▶ _Stored data entries_:
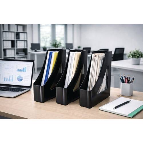 Introducing the 5 Star Set of Magazine Files - the perfect solution for keeping your magazines, catalogues, and papers organized in style. These magazine files add a touch of sophistication to any workspace.
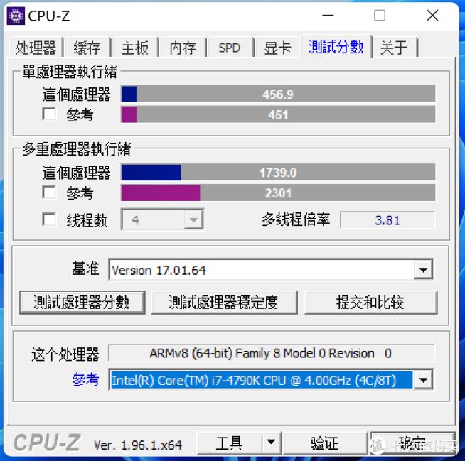 用64位的CPU-Z测一下,测得性能和老i7-4790K有一拼。原生的ARM架构测试这里就不必做了吧,ARM架构里M1芯片有多么强悍
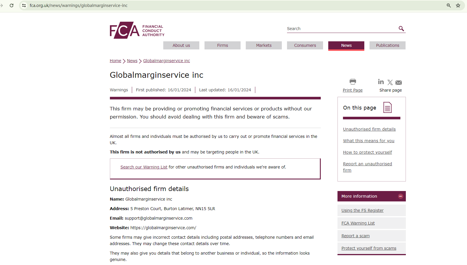 What's more, Globalmarginservice inc's unauthorized solicitation of British investors has prompted a warning from the Financial Conduct Authority (FCA).
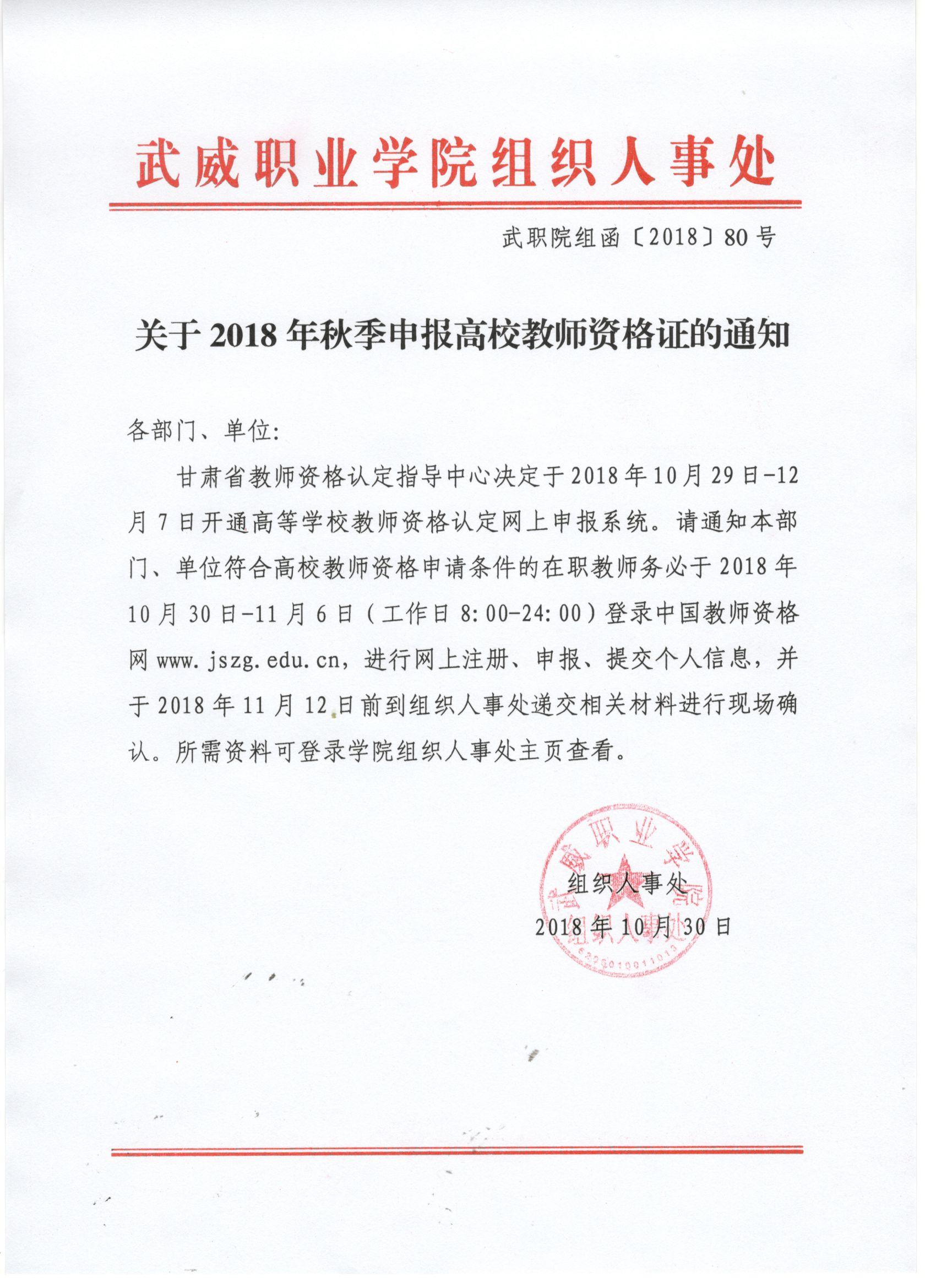 關(guān)于2018年秋季申報(bào)高校教師資格證的通知
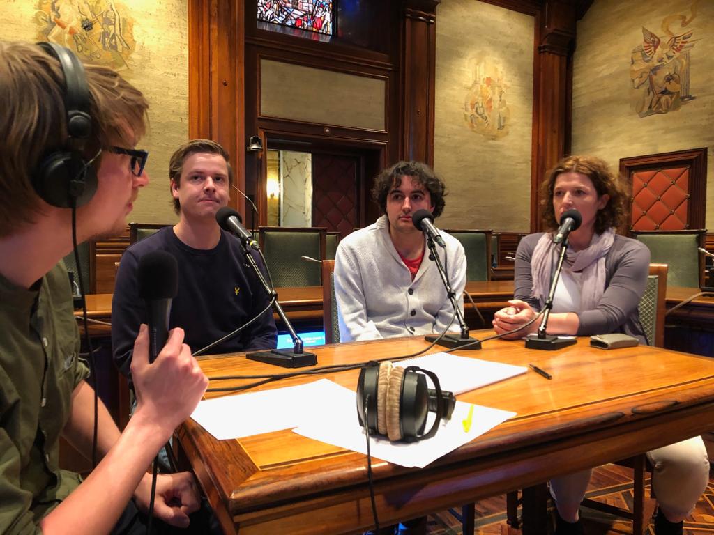 VVD-raadslid uit Teylingen Robin Konings, GroenLinks-raadslid Gebke van Gaal en PvdA-raadslid Martijn Otten in Politiek071 vanuit het Stadhuis van Leiden
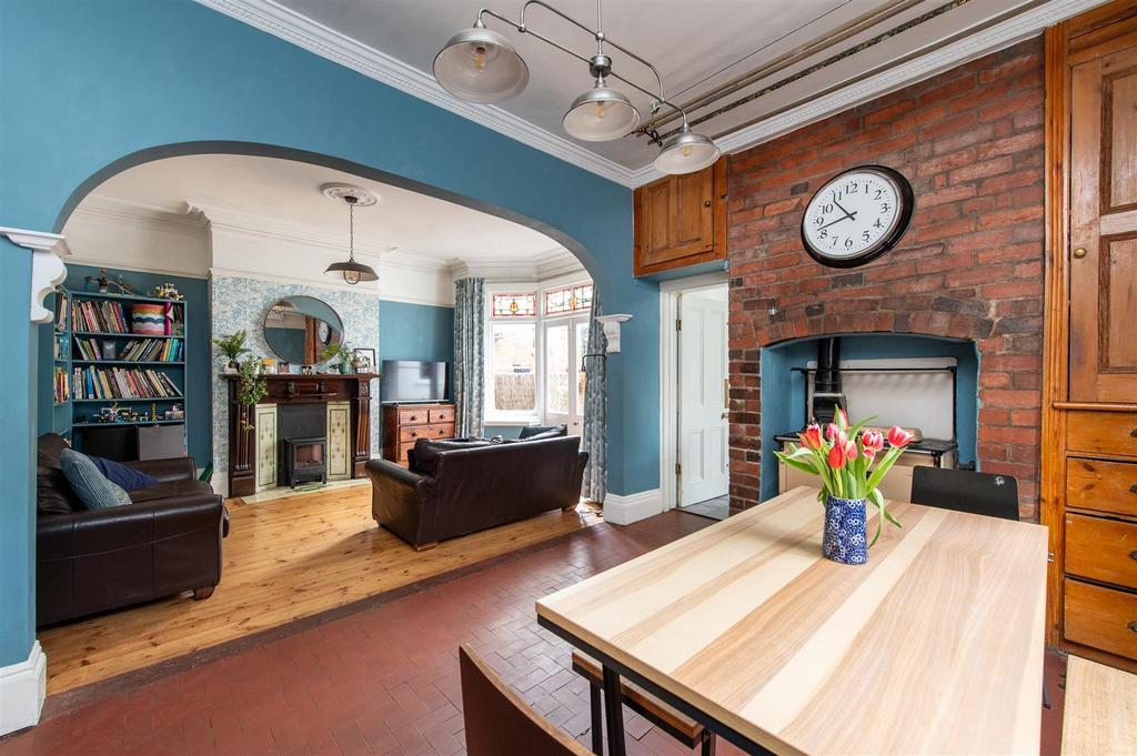 The entrance porch gives access to the welcoming entrance hall having stairs rising to the first floor and access into the cellar, impressive living room and spacious lounge/diner. The kitchen sits to the rear having utility and downstairs WC off.

▶ _What this task involves_:
Reproduce exactly, and only, the lines from the one holding "用64位的CPU-Z测一下,测得性能和老" through the final line of the entries. Do not include the pictures.

▶ _Your solution_:
 用64位的CPU-Z测一下,测得性能和老i7-4790K有一拼。原生的ARM架构测试这里就不必做了吧,ARM架构里M1芯片有多么强悍
 What's more, Globalmarginservice inc's unauthorized solicitation of British investors has prompted a warning from the Financial Conduct Authority (FCA).
 關(guān)于2018年秋季申報(bào)高校教師資格證的通知
 VVD-raadslid uit Teylingen Robin Konings, GroenLinks-raadslid Gebke van Gaal en PvdA-raadslid Martijn Otten in Politiek071 vanuit het Stadhuis van Leiden
 The entrance porch gives access to the welcoming entrance hall having stairs rising to the first floor and access into the cellar, impressive living room and spacious lounge/diner. The kitchen sits to the rear having utility and downstairs WC off.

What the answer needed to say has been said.